Begin by making rice, (either use your rice cooker or use a pan with a lid, to cook you rice). For this recipe, we are using a rice cooker.

My daughter trusts Aroma brand rice cooker and has used hers for quite some time. I bought one on her recommendation. I love mine. It makes rice cooking so easy. The rice cooker I have can make up to 8 cups of cooked rice. There is a bigger size (for bigger families and parties). It can cook up to 20 cups of cooked rice.

In this recipe, we have added 1 ½ cups of uncooked white rice into the rice cooker, (the amount of water required for the rice, is addressed inside the rice cooker, or in the manual it came with).

Add 1 ½ teaspoons of salt into the rice cooker, stir it, close the lid and start the rice cooking.

A Word of Advice

This meal cooks pretty fast. At this point, I’d advise you set all of your dry ingredients out, along with your measuring, stirring and mixing devices, (so they are ready nearby, when you need them).

This recipe will be made in a 6 liter electric wok. A 6 quart pan (which is 5.7 liters), can be used instead, if you don’t have an electric wok).

Sadly, I don’t find the Rival electric wok being sold at this time. I did find a 5 quart (which is 4.7 liter), electric wok made by Aroma though! That should work well for my needs.

For this recipe, you won’t need the lid until the end. Once everyone is served, (if there is any food left in the wok), you may want to cover it.

Spray the wok with olive oil.

See the little droplets of olive oil in the wok? This will help give you an idea of how much is needed.

Don’t turn the heat on yet, because you have 3 things to prepare, (zucchini, onion and chicken thighs).

Begin With Preparing the Vegetables

Rinse the exterior of the 2 zucchini. Quarter the zucchini lengthwise, then slice the quarters. Put the zucchini in a bowl, (set it aside for later).

Cut the top off of the yellow onion, peel it and rinse it under cold water. Slice the entire onion, (cut off and discard the root end). Put the sliced onion in a bowl, (set it aside for later).

Prepare the Chicken, Turn on the Wok and Begin by Seasoning and Browning the Chicken

Slice 2 pounds of boneless skinless chicken thighs into strips. The strips seen below are about 2 inches long.

Turn on the wok, setting it to 300°F, (149°C).

Once you see the oil is beginning to heat, add the raw chicken into the wok.

Now, sprinkle and stir all of the following seasonings, into the chicken;

  • 1 teaspoon salt
  • ½ teaspoon pepper
  • 1 tablespoon granulated garlic
  • 1 teaspoon onion powder
  • ¼ teaspoon curry powder

Allow the chicken to brown for a while.

Time to Add and Cook the Remaining Ingredients

Add the sliced onion.

Allow the onion to become slightly translucent, then add the zucchini.

Allow the zucchini to become translucent in it’s center.

Add ¼ cup coconut liquid aminos.

Now, add 3 teaspoons squeeze minced garlic, (yes, more garlic).
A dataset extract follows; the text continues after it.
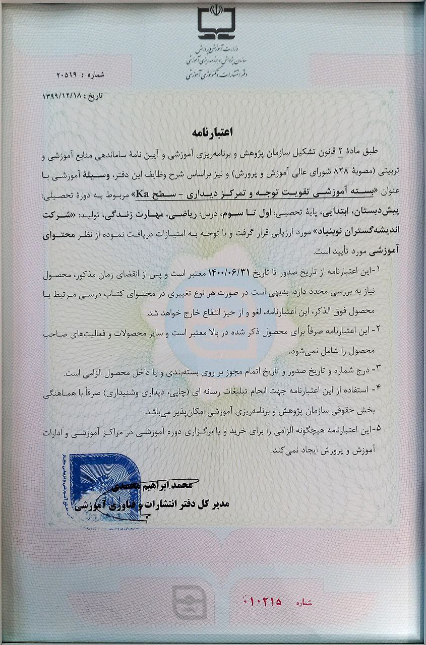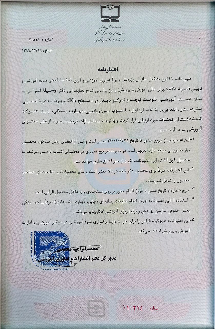 اعتبارنامه ها و تاییدیه علمی دوره تقویت توجه و تمرکز موسسه نوبنیاد

I heard, if you want a spicier, more flavorful chicken teriyaki, add the minced garlic later in the cooking, (so now works well for this).

Mix 1 tablespoon corn starch with cool water, (use just enough water so the mixture becomes the consistency of milk).

Pour the corn starch mixture, into the center of the wok, while stirring constantly.

The corn starch will thicken.

At this point, the chicken teriyaki is ready to be served.

Turn off the wok and either turn off the rice cooker or leave it on warm until you are done with it.

Serve the chicken teriyaki over the rice.

This meal is set with a ceramic sauce dish, a ceramic rice bowl with a tray, porcelain chopsticks and a little white porcelain swan, that doubles as a chopstick holder.

The tastiest meals are presented well.